** Records contained in a dataset **
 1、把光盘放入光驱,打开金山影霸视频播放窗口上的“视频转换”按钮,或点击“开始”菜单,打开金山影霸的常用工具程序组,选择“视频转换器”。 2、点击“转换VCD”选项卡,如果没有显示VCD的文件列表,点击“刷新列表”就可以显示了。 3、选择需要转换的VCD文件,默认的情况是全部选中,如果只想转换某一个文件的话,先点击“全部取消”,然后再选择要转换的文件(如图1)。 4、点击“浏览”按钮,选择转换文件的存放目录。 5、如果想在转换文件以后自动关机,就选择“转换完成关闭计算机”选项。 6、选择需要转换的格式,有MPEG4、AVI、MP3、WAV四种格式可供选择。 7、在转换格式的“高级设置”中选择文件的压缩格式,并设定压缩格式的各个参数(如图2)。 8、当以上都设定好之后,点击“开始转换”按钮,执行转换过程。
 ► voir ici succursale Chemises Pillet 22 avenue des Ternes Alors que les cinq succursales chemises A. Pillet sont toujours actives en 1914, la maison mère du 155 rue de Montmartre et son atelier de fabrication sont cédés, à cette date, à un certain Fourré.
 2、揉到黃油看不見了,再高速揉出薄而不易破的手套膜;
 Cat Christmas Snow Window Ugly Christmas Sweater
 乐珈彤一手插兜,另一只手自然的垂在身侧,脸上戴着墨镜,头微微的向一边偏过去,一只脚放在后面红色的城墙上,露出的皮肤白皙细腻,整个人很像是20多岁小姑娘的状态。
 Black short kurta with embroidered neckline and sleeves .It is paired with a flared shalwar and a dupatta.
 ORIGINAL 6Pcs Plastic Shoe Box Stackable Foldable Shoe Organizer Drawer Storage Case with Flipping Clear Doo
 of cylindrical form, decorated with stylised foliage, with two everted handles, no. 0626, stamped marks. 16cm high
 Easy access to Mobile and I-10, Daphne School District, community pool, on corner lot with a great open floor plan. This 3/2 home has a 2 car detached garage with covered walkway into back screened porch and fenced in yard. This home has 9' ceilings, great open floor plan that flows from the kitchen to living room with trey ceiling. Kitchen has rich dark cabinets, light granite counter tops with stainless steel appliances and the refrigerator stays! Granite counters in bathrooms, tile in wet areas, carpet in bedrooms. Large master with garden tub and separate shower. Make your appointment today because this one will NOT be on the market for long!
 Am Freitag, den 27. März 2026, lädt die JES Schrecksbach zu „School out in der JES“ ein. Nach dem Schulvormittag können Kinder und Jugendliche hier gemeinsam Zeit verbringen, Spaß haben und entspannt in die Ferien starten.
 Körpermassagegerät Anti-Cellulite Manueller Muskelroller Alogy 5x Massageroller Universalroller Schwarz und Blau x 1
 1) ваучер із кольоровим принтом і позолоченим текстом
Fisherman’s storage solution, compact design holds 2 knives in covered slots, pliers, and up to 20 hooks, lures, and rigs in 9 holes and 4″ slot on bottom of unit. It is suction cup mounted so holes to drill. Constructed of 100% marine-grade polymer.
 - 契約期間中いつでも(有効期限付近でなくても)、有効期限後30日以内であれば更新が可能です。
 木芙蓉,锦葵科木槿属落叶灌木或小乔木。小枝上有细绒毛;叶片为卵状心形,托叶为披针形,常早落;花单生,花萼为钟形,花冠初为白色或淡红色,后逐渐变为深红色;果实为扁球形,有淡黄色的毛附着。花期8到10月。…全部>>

** Work request **
Would you print, exactly as written, every line above from the one holding "Black short kurta" through the one holding "of cylindrical form, decorated", with both included and no other lines?

** Your response **
 Black short kurta with embroidered neckline and sleeves .It is paired with a flared shalwar and a dupatta.
 ORIGINAL 6Pcs Plastic Shoe Box Stackable Foldable Shoe Organizer Drawer Storage Case with Flipping Clear Doo
 of cylindrical form, decorated with stylised foliage, with two everted handles, no. 0626, stamped marks. 16cm high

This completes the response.